DH parameters of size 2048 created at /etc/openvpn/easy-rsa/pki/dh.pem

Next, generate a HMAC signature with the following command:
openvpn --genkey --secret ta.key

Finally, copy all the certificate and key to the /etc/openvpn directory:
cp ta.key /etc/openvpn/
cp pki/ca.crt /etc/openvpn/
cp pki/private/server.key /etc/openvpn/
cp pki/issued/server.crt /etc/openvpn/
cp pki/dh.pem /etc/openvpn/

Generate Client Certificate and Key

Next, generate Client certificate with the following command:
./easyrsa gen-req client nopass

You should see the following output:
Note: using Easy-RSA configuration from: ./vars

Using SSL: openssl OpenSSL 1.1.1c 28 May 2019
Generating a RSA private key
..........................................+++++
...............+++++
writing new private key to '/etc/openvpn/easy-rsa/pki/private/client.key.wU45j6E0Dt'
-----
You are about to be asked to enter information that will be incorporated
into your certificate request.
What you are about to enter is what is called a Distinguished Name or a DN.
There are quite a few fields but you can leave some blank
For some fields there will be a default value,
If you enter '.', the field will be left blank.
-----
Common Name (eg: your user, host, or server name) [client]:

Keypair and certificate request completed. Your files are:
req: /etc/openvpn/easy-rsa/pki/reqs/client.req
key: /etc/openvpn/easy-rsa/pki/private/client.key

Next, sign the Client certificate with the following command:
./easyrsa sign-req client client

You should see the following output:
Note: using Easy-RSA configuration from: ./vars

Using SSL: openssl OpenSSL 1.1.1c 28 May 2019

You are about to sign the following certificate.
Please check over the details shown below for accuracy. Note that this request
has not been cryptographically verified. Please be sure it came from a trusted
source or that you have verified the request checksum with the sender.

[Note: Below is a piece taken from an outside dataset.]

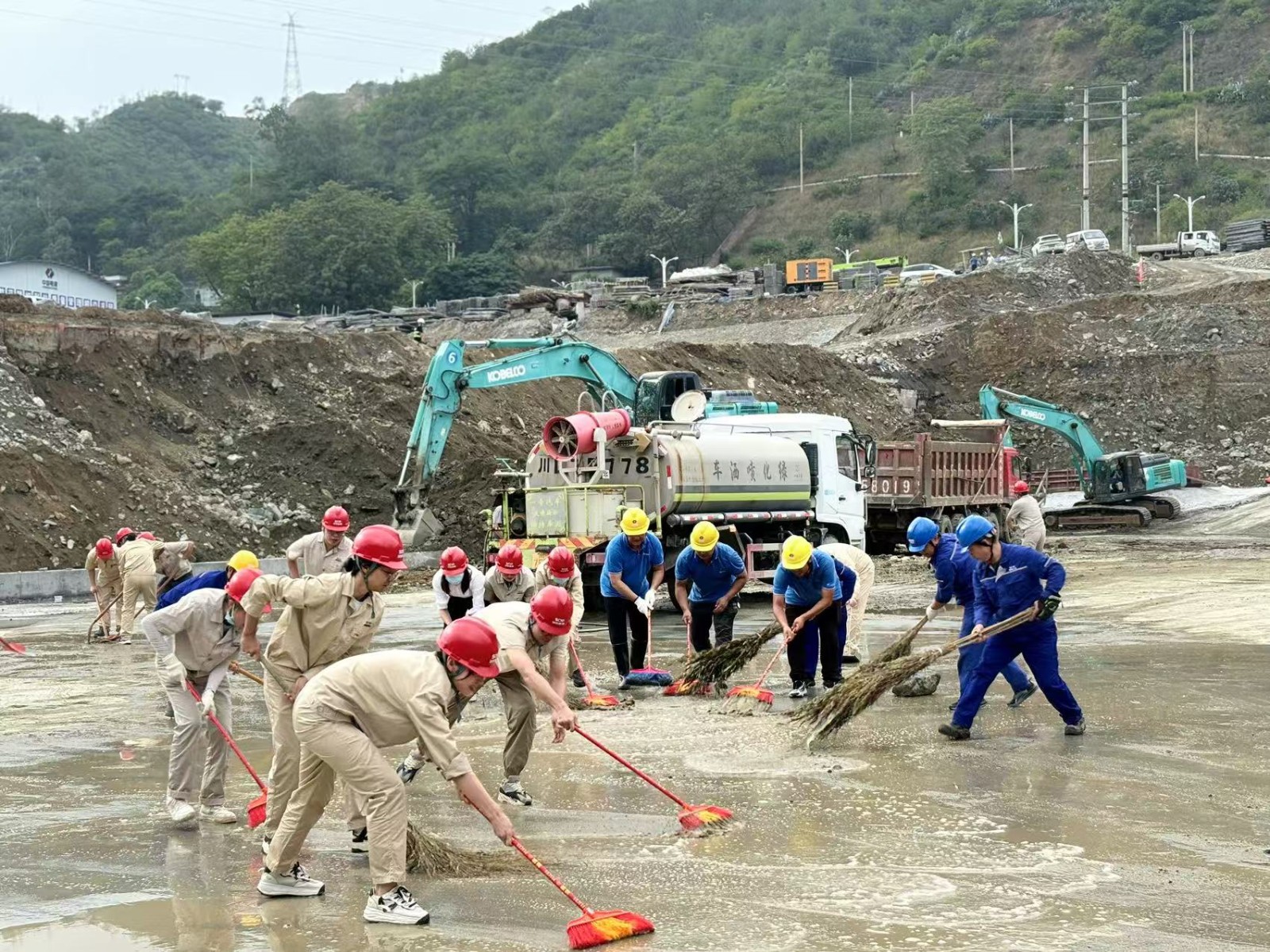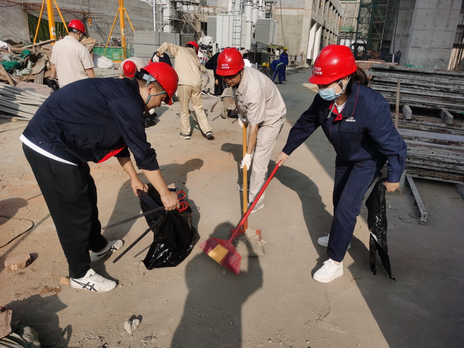 活動開始前,安全環(huán)保部經(jīng)理唐云宏從安全生產(chǎn)應(yīng)急知識、工地安全防護和注意事項方面進行了簡要培訓,提醒、督促大家在施工現(xiàn)場一定要做到“抬頭看天,低頭看路”,認真做好安全防護,隨時保持安全警惕性。隨后,各支部黨員同志、志愿者們斗志昂揚、團結(jié)協(xié)作,分為三個小組開展工地清掃、整治衛(wèi)生死角活動,大家手持垃圾袋、掃帚、火鉗等工具,對壩頂、GIS樓、上游導流明渠、鋼筋場等區(qū)域進行了集中清理整治,共同營造了干凈整潔的施工環(huán)境。

Request subject, to be signed as a client certificate for 1080 days:

subject=
commonName = client

Type the word 'yes' to continue, or any other input to abort.
Confirm request details: yes
Using configuration from /etc/openvpn/easy-rsa/pki/safessl-easyrsa.cnf
Enter pass phrase for /etc/openvpn/easy-rsa/pki/private/ca.key:
Check that the request matches the signature
Signature ok
The Subject's Distinguished Name is as follows
commonName :ASN.1 12:'client'
Certificate is to be certified until Sep 5 12:28:25 2022 GMT (1080 days)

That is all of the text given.